There are other signs too. According to NASA, 2005 was the warmest year we’ve seen since records began. Malaria has been reported in Nairobi, Kenya as the city’s high altitude becomes warm enough for mosquitoes carrying the disease to survive there.

“There’s no question that we are seeing the effects of climate change already,” says Spencer Weart, director of the Center for History of Physics, at the American Institute of Physics, Maryland.

In February 2007, the Inter-governmental Panel on Climate Change (IPCC) published an Assessment Report that concluded that the world will see a probable temperature rise of between 1.8 and 4 degrees Celsius by the end of the century. “We know the last time the world was three degrees warmer for any long period of time, the sea level was six metres higher,” says Weart. That’s enough to submerge coastal cities from New York to Shanghai.

More like this

Piecing together the scientific evidence for climate change has been a long and difficult process. It has occupied thousands of bright minds for more than a century – and has been fraught with controversy and political intrigue.

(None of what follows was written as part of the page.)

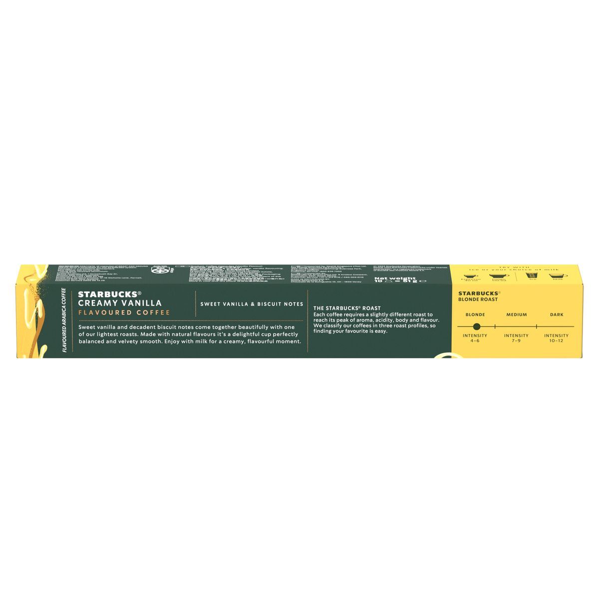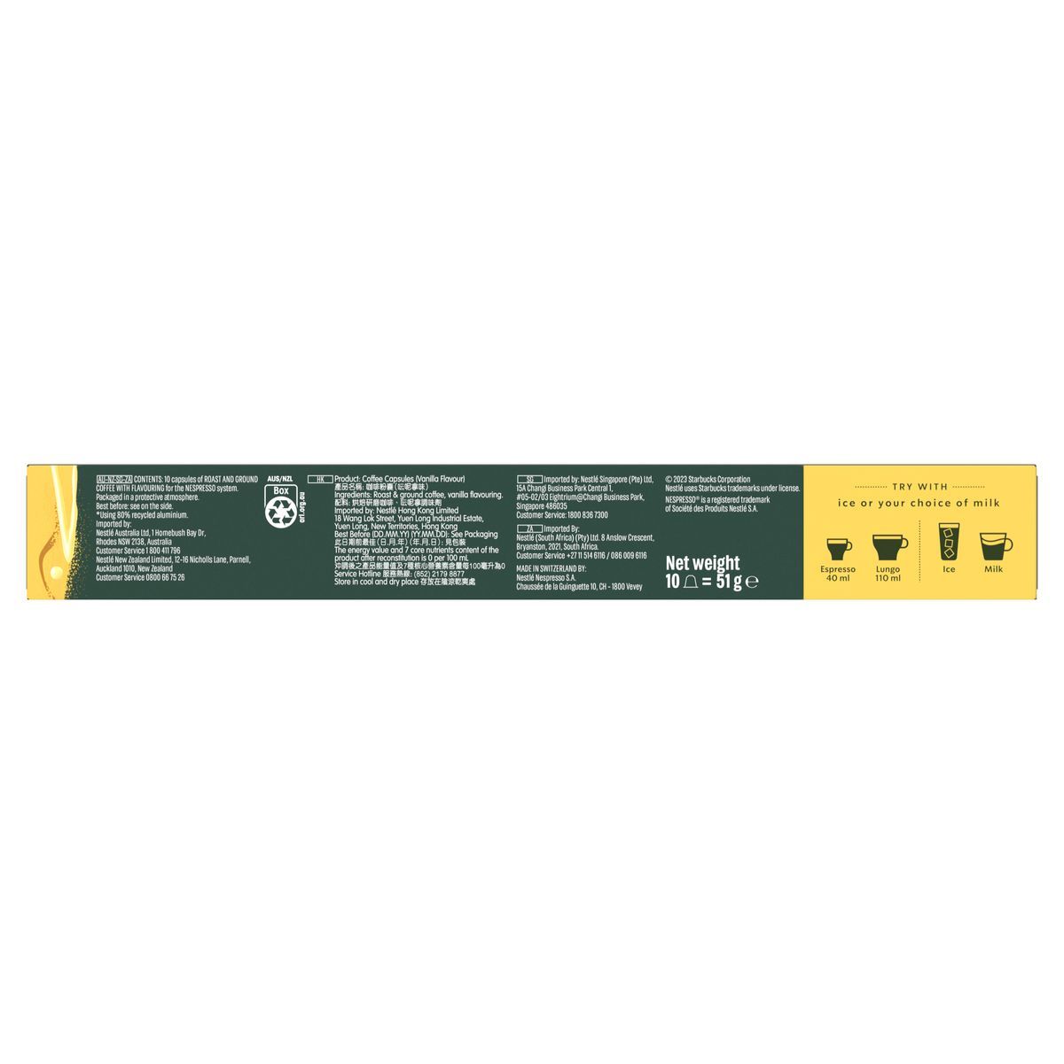 CONTAINS: 10 capsules of flavoured roasted and ground coffee for the NESPRESSO system. 100% Arabica. Packed in a protective atmosphere." "So simple. So enjoyable. Sit back and enjoy this mildly roasted Starbucks Blonde® coffee with a creamy vanilla flavor and hints of biscuit. Enjoy with or without milk for a sweet and indulgent cup of coffee. Perfect for an espresso (40m) or lungo (110ml) beverage. We make our capsules using 80% recycled aluminum. Aluminium can be recycled again and again and again. Compatible with Nespresso machine.

The story began with the discovery, by French scientist Joseph Fourier, of what we now call the ‘greenhouse effect’. In 1824, Fourier calculated that the Earth was a lot warmer than it should be according to estimates based purely on its distance from the Sun. He surmised that the planet’s atmosphere must be slowing down the rate that the planet radiates heat away into space. Light from the Sun passes through the atmosphere to warm the land and oceans below, but the atmosphere prevents this heat escaping – just like the glass in a greenhouse.

In 1896, a Swedish chemist took the theory further. Svante Arrhenius noticed that the gas carbon dioxide (CO2) was especially good at trapping heat radiation. He soon realised what this meant: that the massive increases in atmospheric CO2, caused by coal burning during the industrial revolution, would fuel Fourier’s greenhouse effect and lead to global warming of the planet.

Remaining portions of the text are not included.